In the arc of the pelican
the leap of the mullet, 
the perfect sunny day
or incoming storm
In whatever ways we understand you, 
in a church or synagogue or mosque, 
or on a beach beneath a starry sky, 
we offer gratitude for this day.”

It is a profound human impulse to worship, to pray, and to fast. Often it is on a long walk with the dog or for the more hale sorts among us when out jogging, we become aware of the bite of the wind, and our breath making ghosts in the air, and something deep within us makes us aware of the mystery of it all.

And then it goes to a growing appreciation to an ages long connection we have with those ancient rituals that gather us together as they have for millennia. The reading of holy writings, the singing of ancient songs, the breaking of the bread, the drinking of wine. We cozy up at the altar as one people, we brush up against one another and listen to ancient words and our heartbeats connecting us now to the heart of God.

The noun “worship” means “a feeling or expression of reverence and adoration of a deity”. The verb similarly references “ a show of reverence or adoration of a deity; to honor a deity with religious rites.”

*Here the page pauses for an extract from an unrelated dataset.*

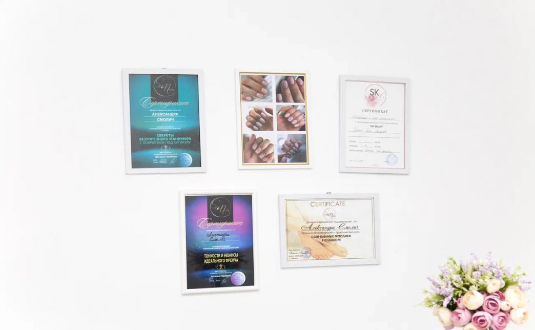 - Работа в студии выполняется материалами премиум класса: гель-лаки "Diva", "Milk", "Grape"

The very idea that God needs us to tell him or her how good s/he is, misses the mark to me. Why would God need us for that? We are merely creatures created in God’s image, male and female, the scripture says, he made us and thank God for that! ~Genesis 5:2
But what does it mean to be created in the image of God? It certainly doesn’t mean we look like God.The Catechism says; “It means that we are free to make choices: to love, to create, to reason, and to live in harmony with creation and with God.” ~The Catechism, page 845, Book of Common Prayer. 

Thus when we come together for worship, we come to learn, to listen, to rehearse the ancient rites of the church and not so much to tell God how good God is, we come to understand how good God wants us to become.

We come here first to confess, and give ourselves the chance to be honest to God about who we are. The degree to which that honesty rings true will determine the degree to which God can then forgive us. Likewise as we confess to one another the truth of who we are to one another. God is then able to effect the essential salve of reconciliation which makes the present and the future possible among us. The work of reconciliation helps us to choose peace over war. It is a ministry we must never flag in pursuingThus you and I respond to love God and one another, which is the whole of the Law and the Prophets summed or as Jesus said; “Love God. Love one another.”

It is noteworthy that the New York Times would become interested in religion once again. After all, years ago, many of our great dailies dropped the religion section. Now we have headlines, the world, the nation, metro, business, sports, the obits, and the comics. No religion section? Just the occasional article? Maybe a bit piece on Saturday in our town papers? 

Do you think we’re missing something here? When religion is mishandled, dreadful things can happen. Religion in the wrong hands is a very dangerous thing. No doubt religious warfare or jihad can cost thousands upon thousands of lives. We are part and parcel of the darkness of religion in our own national experience in the thousands who died on 9/11 and the hundreds of thousands who died in the two wars we’ve waged since in the subsequent fourteen years. Killing in the name of God is the ultimate blasphemy, the ultimate darkness.

The times in which we live are not all that different from other times, other epochs in human history. The sad chronicle of religious warfare is well documented.

But Jesus said; “you are the salt of the earth.
You are the light of the world.
Let your light so shine before others, so that they may see your good works and give glory to your Father in heaven.”

It is how we handle our faith in bringing us together as one people, a whole smorgasbord of color, texture, type and taste. Yes, we are a kaleidoscope of creation. God delights in us. It is God’s call to us to shine with this very light in every color of God’s rainbow.

You are doing exactly that. Stay on message, my friends. Shine on with the Light of Christ.